PI: Raph Hamers
Partner PI: Dr Erni Nelwan
- Dwi Utomo, Pasar Minggu Hospital
- Robert Sinto, Pelni Hospital
- Jakarta Health Office
- Nunung Nuraeni
- Winahyu Handayani
Location of activity: hospitals and primary health centers in Jakarta.
The unprecedented speed with which COVID-19 vaccines have been developed and approved represents a major scientific achievement, and vaccine-induced population immunity is a key global strategy to control the COVID-19 pandemic. There are still many “real-world” knowledge gaps on vaccine-induced immune responses, correlates of protection and temporal changes, clinical impact of breakthrough infections, effectiveness and reactogenicity of (heterologous) vaccine boosters. More research is warranted to understand vaccine-induced humoral and cellular immunity to SARS-CoV-2, defining detailed targets of humoral and cellular immune responses at the epitope level, characterising the B-cell receptor and T-cell receptor repertoire elicited by infection or vaccination, and establishing the long-term durability, and maintenance, of protective immunity after infection or vaccination. This is particularly true for the widely used inactivated whole-virus vaccines, such as Sinovac/CoronaVac and Sinopharm, being rolled out in many countries worldwide including Indonesia, a populous middle-income country and one of the COVID-19 epicenters. This research project offers a unique window of opportunity for research and learning to leverage several observational patient cohorts in Indonesian populations to conduct real-world assessments of COVID-19 vaccinations as they are rolled out, to inform optimal vaccination strategies, in the face of emerging SARS-CoV-2 variants. The aim of the study is to generate real-world essential information on the immunogenicity and effectiveness of COVID-19 vaccines (based on inactivated virus, viral vector and other) in Indonesia, in terms of immune responses, adverse reactions and SARS-CoV-2 breakthrough infections.

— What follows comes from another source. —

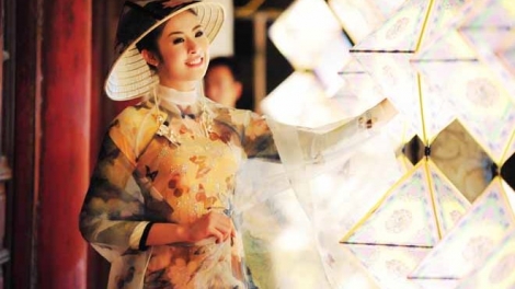 (VOVworld)-以“越南“奥黛”中的世界”为主题的“奥黛”表演14日晚在午门广场举行,这是2014顺化艺术节的一项重点活动。

- To assess humoral and cellular immune responses following primer and booster vaccine doses, in individuals with and without pre-existing immunity;
- To assess vaccine reactogenicity, in individuals with and without pre-existing immunity;
- To characterize SARS-CoV-2 breakthrough infections post-vaccination
The spread of B.1.617.2 (delta) variant threatens the success of national COVID-19 vaccine programmes, with particular concerns around the potentially reduced effectiveness of CoronaVac/SinoVac against delta infections, although it is yet unclear what will be their impact at scale. In order to address these challenges effectively, there is an urgent need to understand the biological consequences of the mutations found in these variants and the consequential impact on their susceptibility to current control measures, including vaccines, drugs and non-pharmaceutical interventions. Measuring immune correlates of vaccine-induced protection is key for understanding COVID-19 and development of next-generation vaccines.